§ **Prompt**:
Go through the records and copy each line where the string "службы" occurs.

(Dataset entries)
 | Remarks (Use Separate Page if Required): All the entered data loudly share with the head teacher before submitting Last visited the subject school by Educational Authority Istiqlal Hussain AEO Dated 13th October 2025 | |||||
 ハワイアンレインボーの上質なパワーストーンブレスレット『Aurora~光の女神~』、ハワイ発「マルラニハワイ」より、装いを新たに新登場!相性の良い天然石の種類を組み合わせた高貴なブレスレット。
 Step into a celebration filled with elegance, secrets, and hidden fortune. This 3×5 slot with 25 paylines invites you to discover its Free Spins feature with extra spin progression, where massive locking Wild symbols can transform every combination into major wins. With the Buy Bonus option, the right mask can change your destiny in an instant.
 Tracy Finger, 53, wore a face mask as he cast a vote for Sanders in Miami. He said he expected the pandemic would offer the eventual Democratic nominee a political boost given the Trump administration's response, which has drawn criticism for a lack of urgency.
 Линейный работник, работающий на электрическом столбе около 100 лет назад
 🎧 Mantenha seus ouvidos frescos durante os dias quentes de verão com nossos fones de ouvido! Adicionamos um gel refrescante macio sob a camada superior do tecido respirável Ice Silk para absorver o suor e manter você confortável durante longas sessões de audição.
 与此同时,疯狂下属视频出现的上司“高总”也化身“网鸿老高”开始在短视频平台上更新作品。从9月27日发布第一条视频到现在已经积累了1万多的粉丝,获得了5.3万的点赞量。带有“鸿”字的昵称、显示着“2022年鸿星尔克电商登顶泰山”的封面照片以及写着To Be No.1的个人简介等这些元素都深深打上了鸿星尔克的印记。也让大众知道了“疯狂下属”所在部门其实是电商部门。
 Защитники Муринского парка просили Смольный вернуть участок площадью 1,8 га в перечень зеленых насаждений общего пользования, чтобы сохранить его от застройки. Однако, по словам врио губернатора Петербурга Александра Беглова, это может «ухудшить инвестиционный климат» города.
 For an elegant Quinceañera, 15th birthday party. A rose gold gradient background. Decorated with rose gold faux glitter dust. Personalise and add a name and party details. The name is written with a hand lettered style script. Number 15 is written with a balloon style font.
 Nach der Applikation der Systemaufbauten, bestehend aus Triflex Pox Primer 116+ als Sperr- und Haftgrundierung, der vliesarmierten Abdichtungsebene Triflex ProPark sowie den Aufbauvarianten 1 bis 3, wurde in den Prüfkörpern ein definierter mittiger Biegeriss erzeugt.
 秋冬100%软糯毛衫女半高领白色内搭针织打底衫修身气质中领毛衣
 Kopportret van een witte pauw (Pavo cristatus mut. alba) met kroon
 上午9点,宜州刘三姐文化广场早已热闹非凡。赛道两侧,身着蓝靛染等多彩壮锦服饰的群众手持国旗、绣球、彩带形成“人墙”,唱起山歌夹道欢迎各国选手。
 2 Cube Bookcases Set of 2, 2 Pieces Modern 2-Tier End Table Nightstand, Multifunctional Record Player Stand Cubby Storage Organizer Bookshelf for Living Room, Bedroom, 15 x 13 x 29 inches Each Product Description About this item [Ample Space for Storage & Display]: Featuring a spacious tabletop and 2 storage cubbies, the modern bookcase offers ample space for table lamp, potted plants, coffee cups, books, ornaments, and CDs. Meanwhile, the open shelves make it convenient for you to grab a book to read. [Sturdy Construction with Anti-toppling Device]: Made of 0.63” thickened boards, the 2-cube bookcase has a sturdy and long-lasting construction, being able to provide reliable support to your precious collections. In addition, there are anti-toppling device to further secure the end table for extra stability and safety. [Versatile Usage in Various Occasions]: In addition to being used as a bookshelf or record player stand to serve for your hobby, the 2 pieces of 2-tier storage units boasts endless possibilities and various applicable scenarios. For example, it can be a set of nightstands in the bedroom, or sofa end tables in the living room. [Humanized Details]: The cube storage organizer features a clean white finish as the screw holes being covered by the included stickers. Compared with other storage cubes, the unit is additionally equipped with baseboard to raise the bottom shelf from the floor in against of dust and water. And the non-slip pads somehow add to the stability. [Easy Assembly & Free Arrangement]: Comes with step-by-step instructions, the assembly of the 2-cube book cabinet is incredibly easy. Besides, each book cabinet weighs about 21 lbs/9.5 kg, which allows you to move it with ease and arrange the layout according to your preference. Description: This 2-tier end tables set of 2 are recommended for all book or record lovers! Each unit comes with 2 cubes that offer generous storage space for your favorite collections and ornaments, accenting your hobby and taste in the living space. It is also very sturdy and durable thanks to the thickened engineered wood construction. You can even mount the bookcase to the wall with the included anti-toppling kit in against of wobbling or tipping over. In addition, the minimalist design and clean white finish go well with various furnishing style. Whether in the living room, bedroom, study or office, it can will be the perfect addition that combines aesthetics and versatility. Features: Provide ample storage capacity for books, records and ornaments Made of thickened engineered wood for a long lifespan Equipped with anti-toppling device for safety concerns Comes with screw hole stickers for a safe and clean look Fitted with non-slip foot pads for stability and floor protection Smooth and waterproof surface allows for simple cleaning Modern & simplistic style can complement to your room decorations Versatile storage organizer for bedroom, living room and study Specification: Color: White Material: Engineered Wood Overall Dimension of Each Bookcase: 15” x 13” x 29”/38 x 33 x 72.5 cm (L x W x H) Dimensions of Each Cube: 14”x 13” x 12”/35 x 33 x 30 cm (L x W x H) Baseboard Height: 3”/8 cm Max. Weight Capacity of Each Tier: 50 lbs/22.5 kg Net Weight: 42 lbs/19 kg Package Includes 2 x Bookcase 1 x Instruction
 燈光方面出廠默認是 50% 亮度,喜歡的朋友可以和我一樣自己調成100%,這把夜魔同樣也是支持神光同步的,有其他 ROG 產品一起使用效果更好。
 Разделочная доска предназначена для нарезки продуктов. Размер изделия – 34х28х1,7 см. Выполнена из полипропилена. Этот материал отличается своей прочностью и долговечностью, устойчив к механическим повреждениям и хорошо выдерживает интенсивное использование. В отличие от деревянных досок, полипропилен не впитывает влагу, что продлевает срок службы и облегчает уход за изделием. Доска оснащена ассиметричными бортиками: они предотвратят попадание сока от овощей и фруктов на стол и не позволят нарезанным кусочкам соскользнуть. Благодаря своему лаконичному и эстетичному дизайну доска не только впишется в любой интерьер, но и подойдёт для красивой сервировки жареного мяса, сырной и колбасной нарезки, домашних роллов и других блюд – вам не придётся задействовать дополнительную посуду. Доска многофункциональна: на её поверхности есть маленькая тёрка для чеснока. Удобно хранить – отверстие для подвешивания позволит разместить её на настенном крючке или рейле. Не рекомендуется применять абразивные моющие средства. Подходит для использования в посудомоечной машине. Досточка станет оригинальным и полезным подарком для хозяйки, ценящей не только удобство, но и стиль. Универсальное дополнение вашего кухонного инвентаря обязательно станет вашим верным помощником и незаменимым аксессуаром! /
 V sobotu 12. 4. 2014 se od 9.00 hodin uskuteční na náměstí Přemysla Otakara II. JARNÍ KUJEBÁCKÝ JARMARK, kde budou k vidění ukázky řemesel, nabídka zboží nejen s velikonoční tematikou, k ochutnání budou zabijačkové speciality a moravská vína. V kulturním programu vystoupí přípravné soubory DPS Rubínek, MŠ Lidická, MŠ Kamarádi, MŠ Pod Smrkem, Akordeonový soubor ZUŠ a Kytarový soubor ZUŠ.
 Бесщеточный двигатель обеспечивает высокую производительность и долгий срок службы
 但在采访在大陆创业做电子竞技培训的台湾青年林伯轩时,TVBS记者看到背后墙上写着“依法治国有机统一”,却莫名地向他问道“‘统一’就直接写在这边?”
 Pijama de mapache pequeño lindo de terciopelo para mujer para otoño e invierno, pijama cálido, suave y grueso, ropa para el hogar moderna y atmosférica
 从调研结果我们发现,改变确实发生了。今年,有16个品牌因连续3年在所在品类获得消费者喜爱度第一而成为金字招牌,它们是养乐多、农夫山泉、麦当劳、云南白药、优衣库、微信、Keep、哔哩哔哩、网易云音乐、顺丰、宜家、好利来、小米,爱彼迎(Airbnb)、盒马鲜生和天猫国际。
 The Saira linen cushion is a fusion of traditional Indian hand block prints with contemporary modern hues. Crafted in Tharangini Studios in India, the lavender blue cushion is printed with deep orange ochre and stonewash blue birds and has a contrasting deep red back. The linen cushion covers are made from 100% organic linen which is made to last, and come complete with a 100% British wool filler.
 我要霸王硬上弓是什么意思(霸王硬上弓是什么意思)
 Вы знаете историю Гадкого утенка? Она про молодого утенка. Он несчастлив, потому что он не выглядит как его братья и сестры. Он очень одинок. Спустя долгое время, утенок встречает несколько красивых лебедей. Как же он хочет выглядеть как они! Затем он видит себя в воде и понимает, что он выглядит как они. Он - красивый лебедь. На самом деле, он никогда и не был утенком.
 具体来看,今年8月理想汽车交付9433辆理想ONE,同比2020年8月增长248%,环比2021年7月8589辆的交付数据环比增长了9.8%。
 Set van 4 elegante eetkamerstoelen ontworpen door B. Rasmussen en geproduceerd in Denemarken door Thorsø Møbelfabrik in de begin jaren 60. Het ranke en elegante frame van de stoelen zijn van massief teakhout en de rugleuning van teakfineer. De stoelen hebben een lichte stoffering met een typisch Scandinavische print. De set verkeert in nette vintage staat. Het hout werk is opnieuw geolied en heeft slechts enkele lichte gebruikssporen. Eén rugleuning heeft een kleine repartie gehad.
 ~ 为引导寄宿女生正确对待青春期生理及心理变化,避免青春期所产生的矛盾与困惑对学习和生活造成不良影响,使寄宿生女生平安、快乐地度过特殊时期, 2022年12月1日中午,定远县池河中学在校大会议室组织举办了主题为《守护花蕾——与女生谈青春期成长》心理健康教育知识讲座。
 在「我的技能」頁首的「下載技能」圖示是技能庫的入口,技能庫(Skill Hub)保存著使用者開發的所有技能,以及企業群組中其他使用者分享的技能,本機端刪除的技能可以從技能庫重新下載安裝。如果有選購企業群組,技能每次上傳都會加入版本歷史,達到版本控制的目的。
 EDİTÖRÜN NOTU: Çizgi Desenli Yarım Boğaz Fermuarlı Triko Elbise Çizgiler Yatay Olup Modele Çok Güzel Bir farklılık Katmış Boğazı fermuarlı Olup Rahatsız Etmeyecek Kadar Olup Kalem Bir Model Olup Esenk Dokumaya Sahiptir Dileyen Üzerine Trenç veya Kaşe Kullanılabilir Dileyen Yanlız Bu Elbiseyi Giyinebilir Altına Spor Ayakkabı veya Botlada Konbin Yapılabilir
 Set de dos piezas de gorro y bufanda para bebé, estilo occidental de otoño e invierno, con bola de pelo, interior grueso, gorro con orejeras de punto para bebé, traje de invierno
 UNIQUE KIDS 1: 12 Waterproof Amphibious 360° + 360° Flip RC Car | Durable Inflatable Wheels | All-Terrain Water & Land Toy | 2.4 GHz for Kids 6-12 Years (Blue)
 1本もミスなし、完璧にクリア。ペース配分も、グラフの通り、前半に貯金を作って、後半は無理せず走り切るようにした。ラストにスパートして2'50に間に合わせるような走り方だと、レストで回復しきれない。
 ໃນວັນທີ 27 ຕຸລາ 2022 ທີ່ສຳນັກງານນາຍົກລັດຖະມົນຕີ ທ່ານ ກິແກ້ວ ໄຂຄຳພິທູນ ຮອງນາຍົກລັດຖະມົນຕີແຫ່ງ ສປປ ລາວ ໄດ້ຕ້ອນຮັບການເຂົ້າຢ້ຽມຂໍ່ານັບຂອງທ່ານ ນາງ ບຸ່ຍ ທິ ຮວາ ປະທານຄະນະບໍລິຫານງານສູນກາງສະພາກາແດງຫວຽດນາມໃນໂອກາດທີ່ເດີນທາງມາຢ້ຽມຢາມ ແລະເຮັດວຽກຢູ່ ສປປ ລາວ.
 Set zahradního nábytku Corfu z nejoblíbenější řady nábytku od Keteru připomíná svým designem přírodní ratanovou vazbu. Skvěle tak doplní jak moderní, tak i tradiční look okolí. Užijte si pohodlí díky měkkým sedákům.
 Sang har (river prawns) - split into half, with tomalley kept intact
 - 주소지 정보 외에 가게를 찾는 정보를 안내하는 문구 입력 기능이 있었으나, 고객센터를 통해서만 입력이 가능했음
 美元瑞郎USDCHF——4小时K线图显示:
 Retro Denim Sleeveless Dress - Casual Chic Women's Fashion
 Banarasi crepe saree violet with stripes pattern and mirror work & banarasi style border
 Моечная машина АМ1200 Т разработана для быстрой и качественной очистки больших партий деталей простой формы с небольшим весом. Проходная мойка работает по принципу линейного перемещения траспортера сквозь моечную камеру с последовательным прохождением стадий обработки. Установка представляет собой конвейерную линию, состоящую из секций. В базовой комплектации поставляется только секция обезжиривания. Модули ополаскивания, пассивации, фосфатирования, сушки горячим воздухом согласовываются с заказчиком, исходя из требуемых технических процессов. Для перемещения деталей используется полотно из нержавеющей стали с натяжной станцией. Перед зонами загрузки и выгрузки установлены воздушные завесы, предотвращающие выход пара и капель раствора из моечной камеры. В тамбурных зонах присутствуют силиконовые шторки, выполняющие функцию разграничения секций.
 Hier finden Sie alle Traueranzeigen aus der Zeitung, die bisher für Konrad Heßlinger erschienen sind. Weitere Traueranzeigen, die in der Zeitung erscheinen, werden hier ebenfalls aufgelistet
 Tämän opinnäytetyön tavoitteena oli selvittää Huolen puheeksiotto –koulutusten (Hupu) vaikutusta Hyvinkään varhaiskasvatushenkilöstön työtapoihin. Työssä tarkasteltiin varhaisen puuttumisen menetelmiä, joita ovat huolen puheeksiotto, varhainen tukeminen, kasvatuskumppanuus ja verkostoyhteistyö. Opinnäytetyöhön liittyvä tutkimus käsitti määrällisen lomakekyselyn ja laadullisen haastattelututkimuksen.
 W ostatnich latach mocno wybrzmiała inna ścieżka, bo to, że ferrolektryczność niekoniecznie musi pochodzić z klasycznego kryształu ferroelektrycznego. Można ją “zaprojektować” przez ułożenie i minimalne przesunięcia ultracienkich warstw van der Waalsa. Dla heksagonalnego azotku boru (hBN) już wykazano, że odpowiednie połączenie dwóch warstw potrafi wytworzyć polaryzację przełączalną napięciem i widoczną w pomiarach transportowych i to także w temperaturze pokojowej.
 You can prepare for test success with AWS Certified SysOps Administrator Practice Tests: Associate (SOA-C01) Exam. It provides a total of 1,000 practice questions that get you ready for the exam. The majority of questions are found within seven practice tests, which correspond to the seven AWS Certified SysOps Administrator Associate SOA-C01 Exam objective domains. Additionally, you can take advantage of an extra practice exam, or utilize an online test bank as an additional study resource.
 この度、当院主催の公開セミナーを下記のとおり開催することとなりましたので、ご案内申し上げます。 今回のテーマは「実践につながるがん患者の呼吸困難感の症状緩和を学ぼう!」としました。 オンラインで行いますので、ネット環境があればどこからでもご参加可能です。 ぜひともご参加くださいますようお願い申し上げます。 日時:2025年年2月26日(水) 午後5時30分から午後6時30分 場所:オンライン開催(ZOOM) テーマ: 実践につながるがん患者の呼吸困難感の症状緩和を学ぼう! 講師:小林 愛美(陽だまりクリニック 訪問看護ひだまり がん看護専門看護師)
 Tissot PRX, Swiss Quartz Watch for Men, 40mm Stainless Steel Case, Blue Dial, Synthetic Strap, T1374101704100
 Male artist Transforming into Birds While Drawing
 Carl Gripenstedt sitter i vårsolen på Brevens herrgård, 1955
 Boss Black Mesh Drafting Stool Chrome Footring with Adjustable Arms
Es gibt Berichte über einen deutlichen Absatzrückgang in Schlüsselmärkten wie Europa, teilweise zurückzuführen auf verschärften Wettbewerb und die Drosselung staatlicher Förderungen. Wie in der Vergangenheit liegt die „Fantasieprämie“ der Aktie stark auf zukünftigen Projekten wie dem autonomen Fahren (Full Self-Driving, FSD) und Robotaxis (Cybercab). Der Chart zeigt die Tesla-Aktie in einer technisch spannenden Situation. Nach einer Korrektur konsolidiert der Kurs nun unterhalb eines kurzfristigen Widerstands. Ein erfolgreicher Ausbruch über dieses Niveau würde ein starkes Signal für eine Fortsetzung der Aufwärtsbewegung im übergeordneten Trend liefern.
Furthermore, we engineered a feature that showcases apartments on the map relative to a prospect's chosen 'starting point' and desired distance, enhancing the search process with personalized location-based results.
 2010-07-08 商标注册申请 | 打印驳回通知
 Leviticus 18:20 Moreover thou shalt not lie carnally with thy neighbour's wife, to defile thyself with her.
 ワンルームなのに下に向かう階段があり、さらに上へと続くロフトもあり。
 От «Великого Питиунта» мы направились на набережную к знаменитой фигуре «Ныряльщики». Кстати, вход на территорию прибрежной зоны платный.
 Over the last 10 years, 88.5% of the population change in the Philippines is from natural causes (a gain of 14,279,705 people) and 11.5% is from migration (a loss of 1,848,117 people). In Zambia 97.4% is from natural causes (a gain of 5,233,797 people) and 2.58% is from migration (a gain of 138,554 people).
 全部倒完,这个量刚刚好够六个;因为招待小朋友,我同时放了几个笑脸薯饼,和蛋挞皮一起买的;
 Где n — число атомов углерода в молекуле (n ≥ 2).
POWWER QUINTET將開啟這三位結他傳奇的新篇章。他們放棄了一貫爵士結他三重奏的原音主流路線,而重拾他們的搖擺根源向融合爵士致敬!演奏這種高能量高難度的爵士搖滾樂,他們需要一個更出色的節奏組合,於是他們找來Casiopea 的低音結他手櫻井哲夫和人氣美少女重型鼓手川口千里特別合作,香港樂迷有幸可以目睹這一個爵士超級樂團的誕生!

§ **Reply**:
 Разделочная доска предназначена для нарезки продуктов. Размер изделия – 34х28х1,7 см. Выполнена из полипропилена. Этот материал отличается своей прочностью и долговечностью, устойчив к механическим повреждениям и хорошо выдерживает интенсивное использование. В отличие от деревянных досок, полипропилен не впитывает влагу, что продлевает срок службы и облегчает уход за изделием. Доска оснащена ассиметричными бортиками: они предотвратят попадание сока от овощей и фруктов на стол и не позволят нарезанным кусочкам соскользнуть. Благодаря своему лаконичному и эстетичному дизайну доска не только впишется в любой интерьер, но и подойдёт для красивой сервировки жареного мяса, сырной и колбасной нарезки, домашних роллов и других блюд – вам не придётся задействовать дополнительную посуду. Доска многофункциональна: на её поверхности есть маленькая тёрка для чеснока. Удобно хранить – отверстие для подвешивания позволит разместить её на настенном крючке или рейле. Не рекомендуется применять абразивные моющие средства. Подходит для использования в посудомоечной машине. Досточка станет оригинальным и полезным подарком для хозяйки, ценящей не только удобство, но и стиль. Универсальное дополнение вашего кухонного инвентаря обязательно станет вашим верным помощником и незаменимым аксессуаром! /
 Бесщеточный двигатель обеспечивает высокую производительность и долгий срок службы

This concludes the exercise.